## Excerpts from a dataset
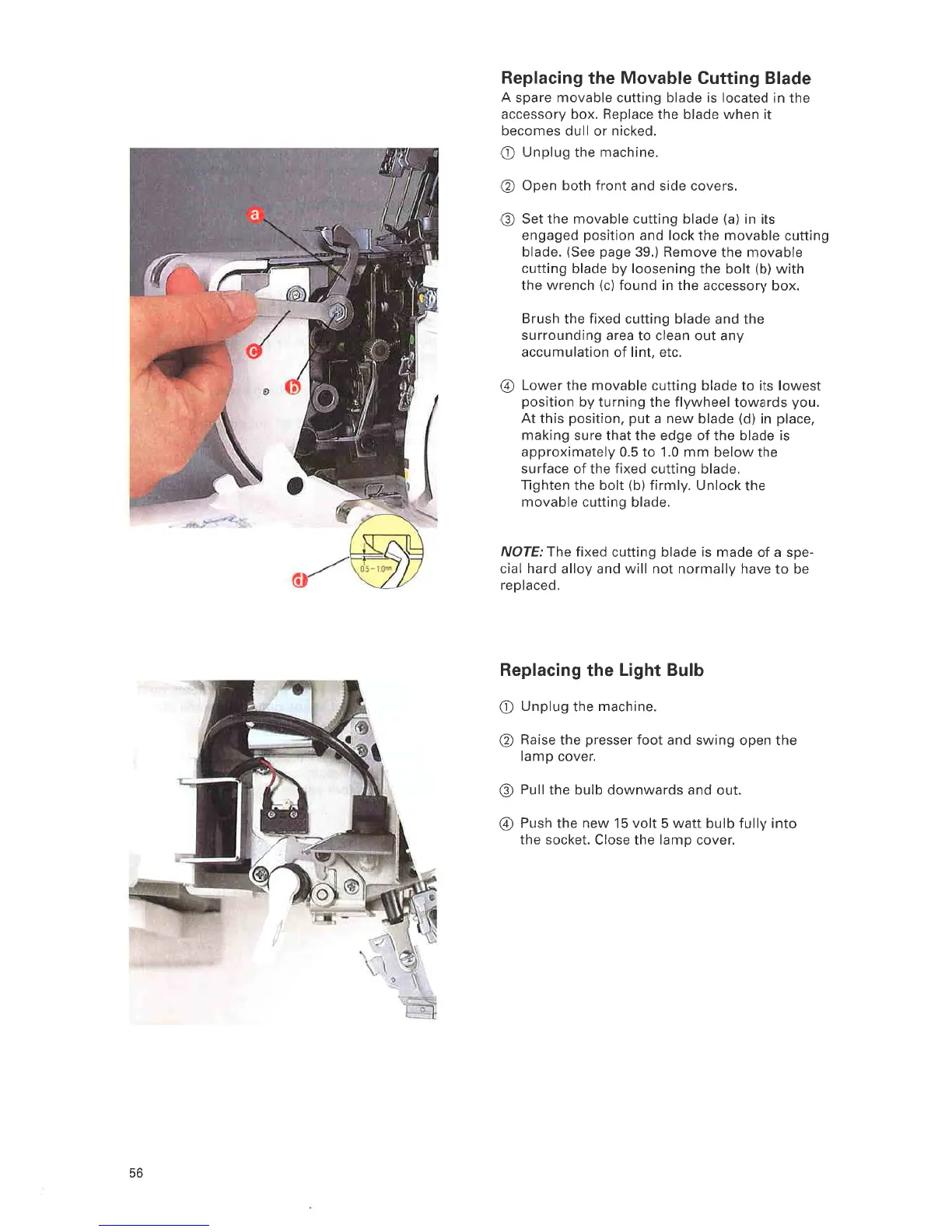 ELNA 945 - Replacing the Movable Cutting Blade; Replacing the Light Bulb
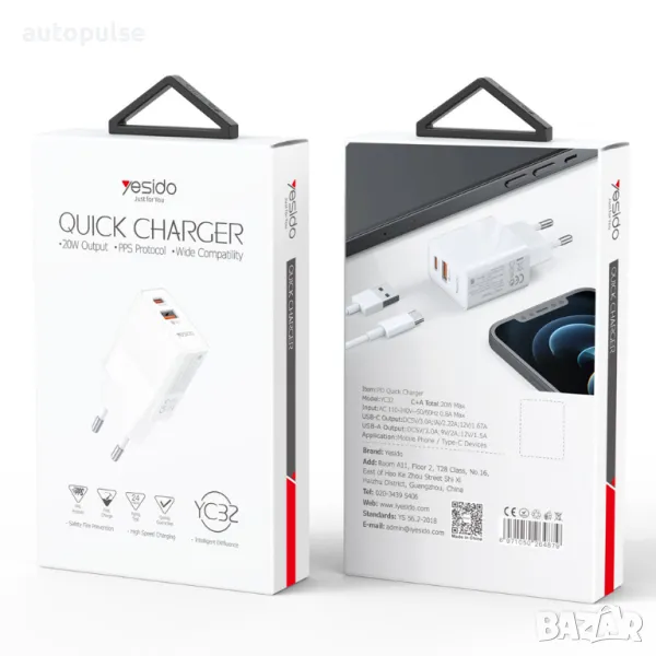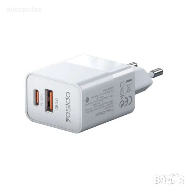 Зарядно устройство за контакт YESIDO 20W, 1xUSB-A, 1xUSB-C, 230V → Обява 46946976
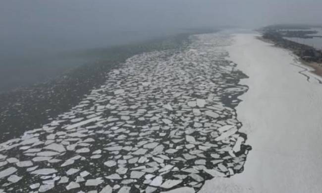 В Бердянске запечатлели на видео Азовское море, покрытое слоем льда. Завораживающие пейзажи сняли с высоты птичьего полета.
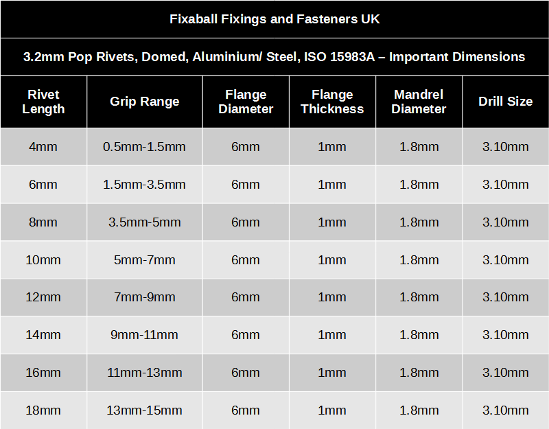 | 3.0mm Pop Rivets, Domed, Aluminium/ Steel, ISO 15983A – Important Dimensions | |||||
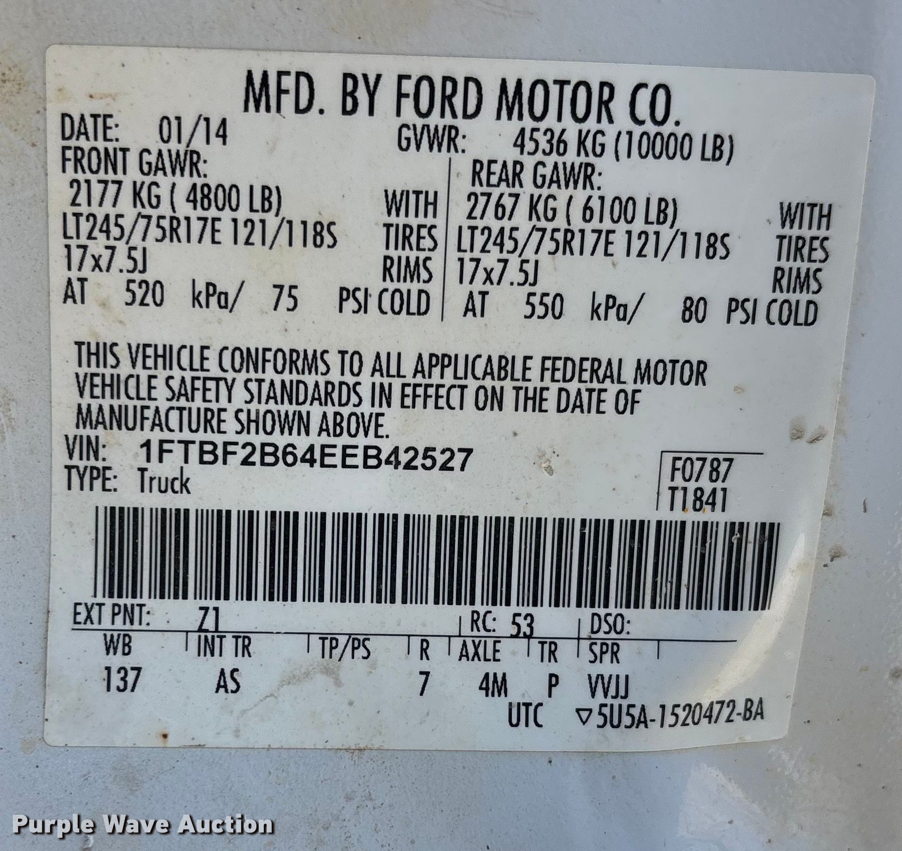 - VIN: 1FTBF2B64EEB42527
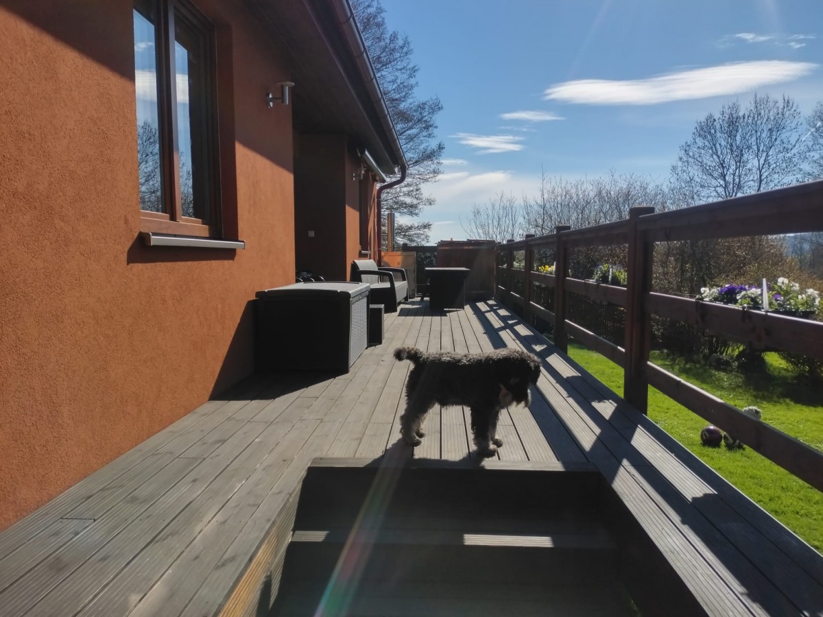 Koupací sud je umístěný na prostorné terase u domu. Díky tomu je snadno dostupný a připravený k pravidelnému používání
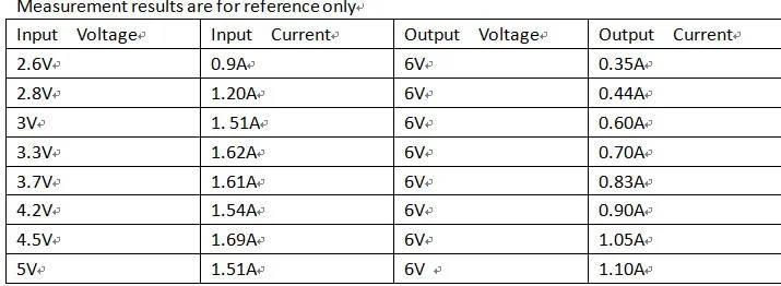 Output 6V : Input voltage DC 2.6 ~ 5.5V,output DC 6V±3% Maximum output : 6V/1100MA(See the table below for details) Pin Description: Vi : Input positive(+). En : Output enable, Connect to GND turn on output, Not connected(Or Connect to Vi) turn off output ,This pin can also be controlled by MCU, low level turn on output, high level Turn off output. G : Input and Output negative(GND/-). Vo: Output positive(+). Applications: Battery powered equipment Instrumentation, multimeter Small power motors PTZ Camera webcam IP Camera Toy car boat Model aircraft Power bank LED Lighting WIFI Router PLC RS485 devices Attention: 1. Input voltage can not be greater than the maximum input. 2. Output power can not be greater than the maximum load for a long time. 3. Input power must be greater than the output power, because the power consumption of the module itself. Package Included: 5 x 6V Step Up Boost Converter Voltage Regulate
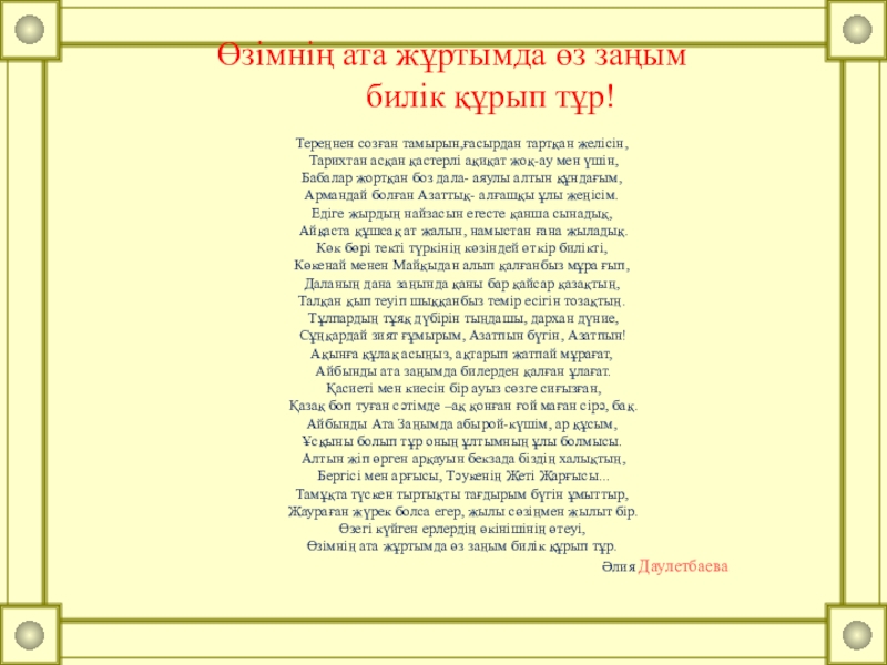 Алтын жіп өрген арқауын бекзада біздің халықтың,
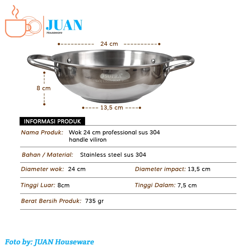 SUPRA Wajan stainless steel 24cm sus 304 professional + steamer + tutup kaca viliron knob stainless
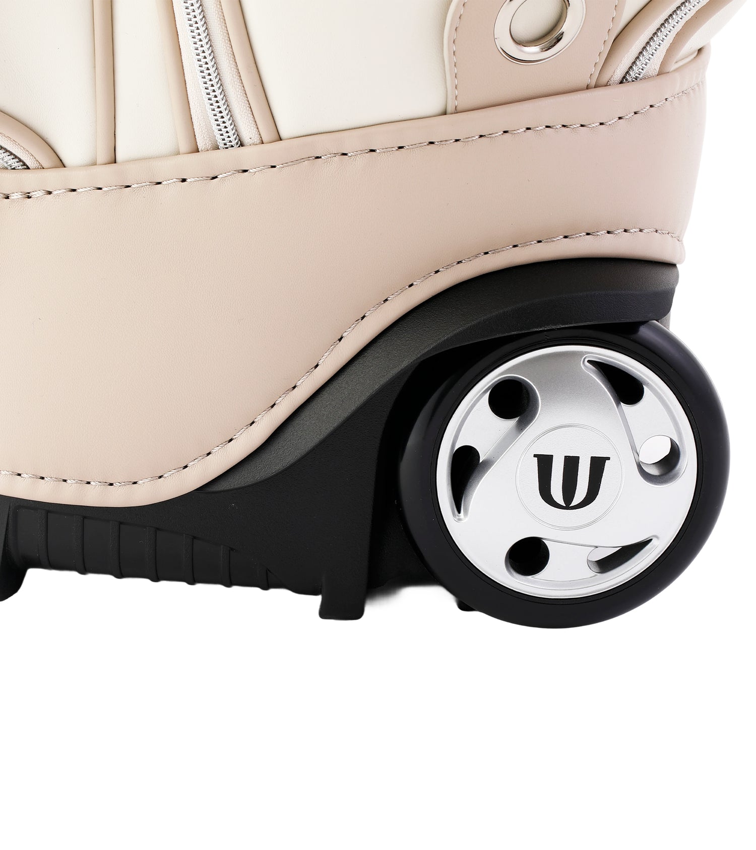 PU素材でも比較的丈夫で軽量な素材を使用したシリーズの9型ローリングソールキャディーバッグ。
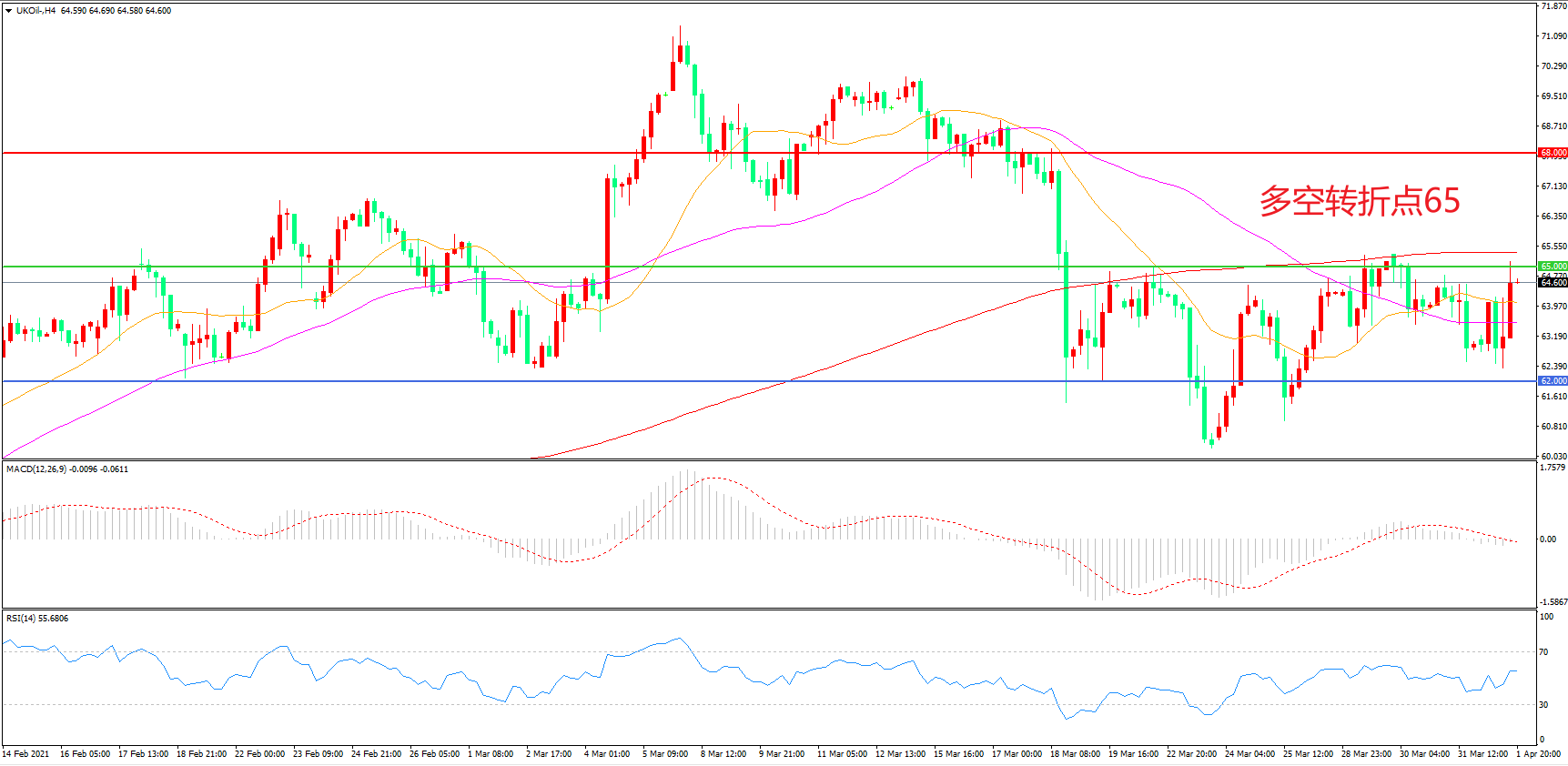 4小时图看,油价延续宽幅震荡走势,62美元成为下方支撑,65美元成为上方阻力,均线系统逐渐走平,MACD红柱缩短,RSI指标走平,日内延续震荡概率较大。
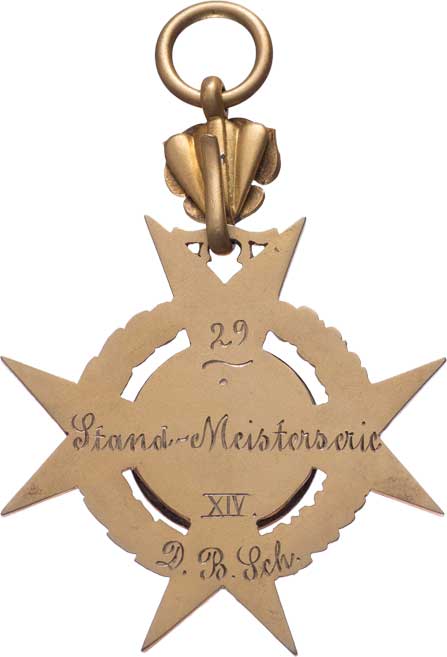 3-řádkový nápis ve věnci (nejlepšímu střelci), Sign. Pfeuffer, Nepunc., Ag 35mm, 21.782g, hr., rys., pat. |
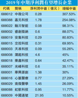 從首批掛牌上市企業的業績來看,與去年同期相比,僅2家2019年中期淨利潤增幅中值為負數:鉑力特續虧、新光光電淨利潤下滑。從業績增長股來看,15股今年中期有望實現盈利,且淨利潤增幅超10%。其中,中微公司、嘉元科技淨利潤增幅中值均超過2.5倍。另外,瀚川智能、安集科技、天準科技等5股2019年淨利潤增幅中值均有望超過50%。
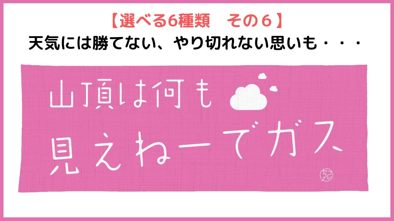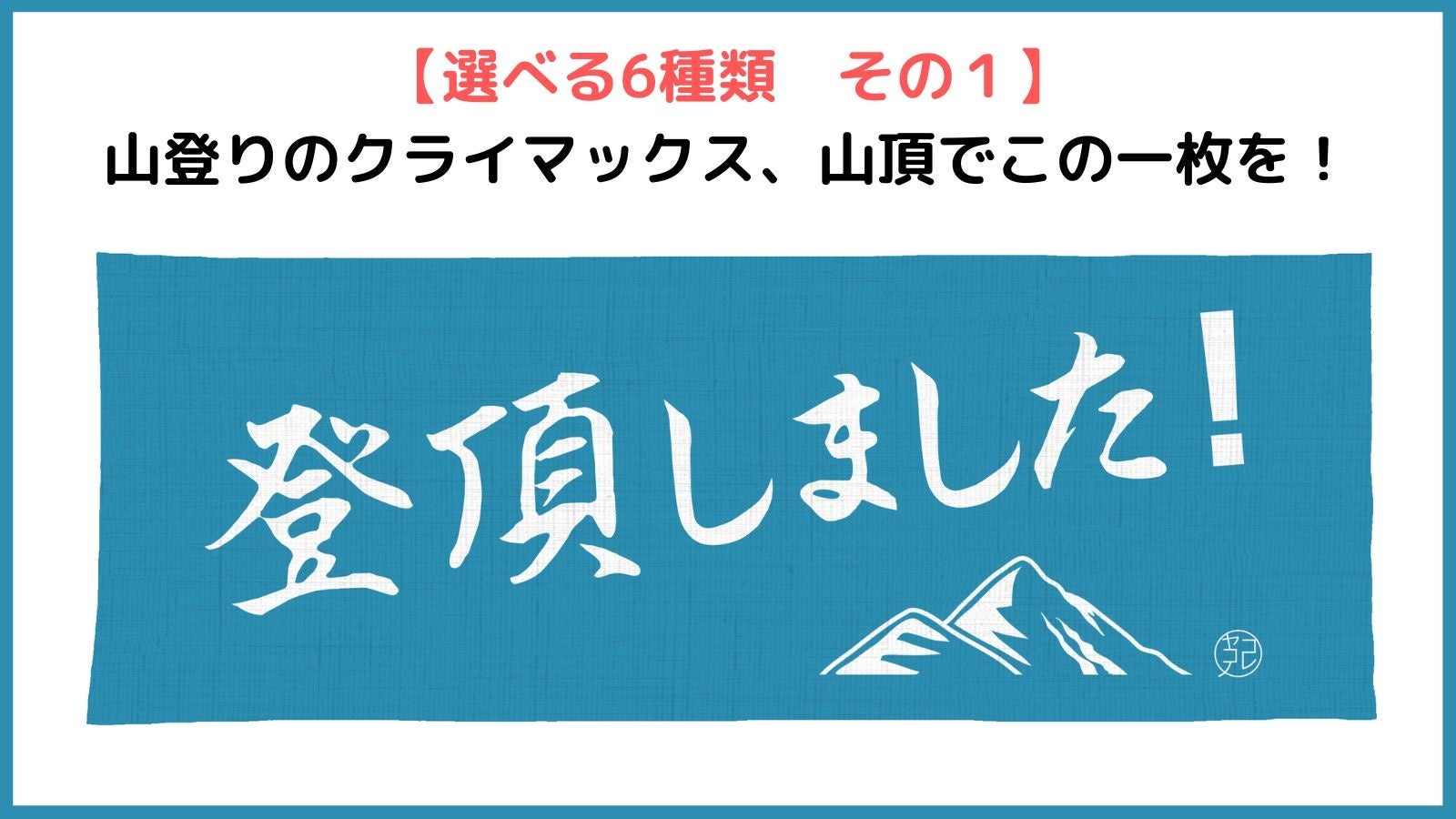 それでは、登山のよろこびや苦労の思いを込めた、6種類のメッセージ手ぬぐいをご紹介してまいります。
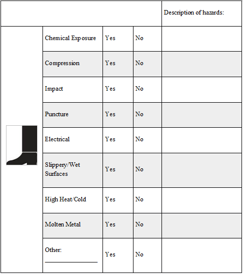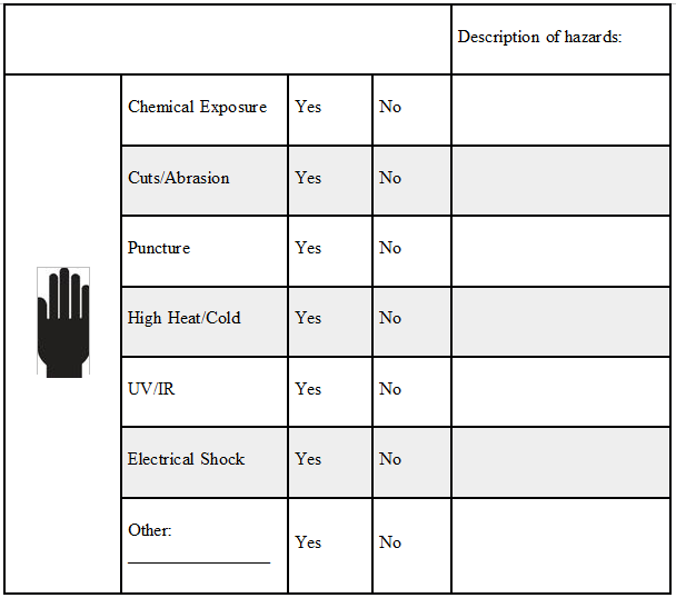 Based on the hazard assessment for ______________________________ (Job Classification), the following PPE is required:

## TASK INSTRUCTIONS
Could the entries above be printed again exactly, apart from the pictures?

## EXERCISE RESPONSE
 ELNA 945 - Replacing the Movable Cutting Blade; Replacing the Light Bulb
 Зарядно устройство за контакт YESIDO 20W, 1xUSB-A, 1xUSB-C, 230V → Обява 46946976
 В Бердянске запечатлели на видео Азовское море, покрытое слоем льда. Завораживающие пейзажи сняли с высоты птичьего полета.
 | 3.0mm Pop Rivets, Domed, Aluminium/ Steel, ISO 15983A – Important Dimensions | |||||
 - VIN: 1FTBF2B64EEB42527
 Koupací sud je umístěný na prostorné terase u domu. Díky tomu je snadno dostupný a připravený k pravidelnému používání
 Output 6V : Input voltage DC 2.6 ~ 5.5V,output DC 6V±3% Maximum output : 6V/1100MA(See the table below for details) Pin Description: Vi : Input positive(+). En : Output enable, Connect to GND turn on output, Not connected(Or Connect to Vi) turn off output ,This pin can also be controlled by MCU, low level turn on output, high level Turn off output. G : Input and Output negative(GND/-). Vo: Output positive(+). Applications: Battery powered equipment Instrumentation, multimeter Small power motors PTZ Camera webcam IP Camera Toy car boat Model aircraft Power bank LED Lighting WIFI Router PLC RS485 devices Attention: 1. Input voltage can not be greater than the maximum input. 2. Output power can not be greater than the maximum load for a long time. 3. Input power must be greater than the output power, because the power consumption of the module itself. Package Included: 5 x 6V Step Up Boost Converter Voltage Regulate
 Алтын жіп өрген арқауын бекзада біздің халықтың,
 SUPRA Wajan stainless steel 24cm sus 304 professional + steamer + tutup kaca viliron knob stainless
 PU素材でも比較的丈夫で軽量な素材を使用したシリーズの9型ローリングソールキャディーバッグ。
 4小时图看,油价延续宽幅震荡走势,62美元成为下方支撑,65美元成为上方阻力,均线系统逐渐走平,MACD红柱缩短,RSI指标走平,日内延续震荡概率较大。
 3-řádkový nápis ve věnci (nejlepšímu střelci), Sign. Pfeuffer, Nepunc., Ag 35mm, 21.782g, hr., rys., pat. |
 從首批掛牌上市企業的業績來看,與去年同期相比,僅2家2019年中期淨利潤增幅中值為負數:鉑力特續虧、新光光電淨利潤下滑。從業績增長股來看,15股今年中期有望實現盈利,且淨利潤增幅超10%。其中,中微公司、嘉元科技淨利潤增幅中值均超過2.5倍。另外,瀚川智能、安集科技、天準科技等5股2019年淨利潤增幅中值均有望超過50%。
 それでは、登山のよろこびや苦労の思いを込めた、6種類のメッセージ手ぬぐいをご紹介してまいります。
 Based on the hazard assessment for ______________________________ (Job Classification), the following PPE is required:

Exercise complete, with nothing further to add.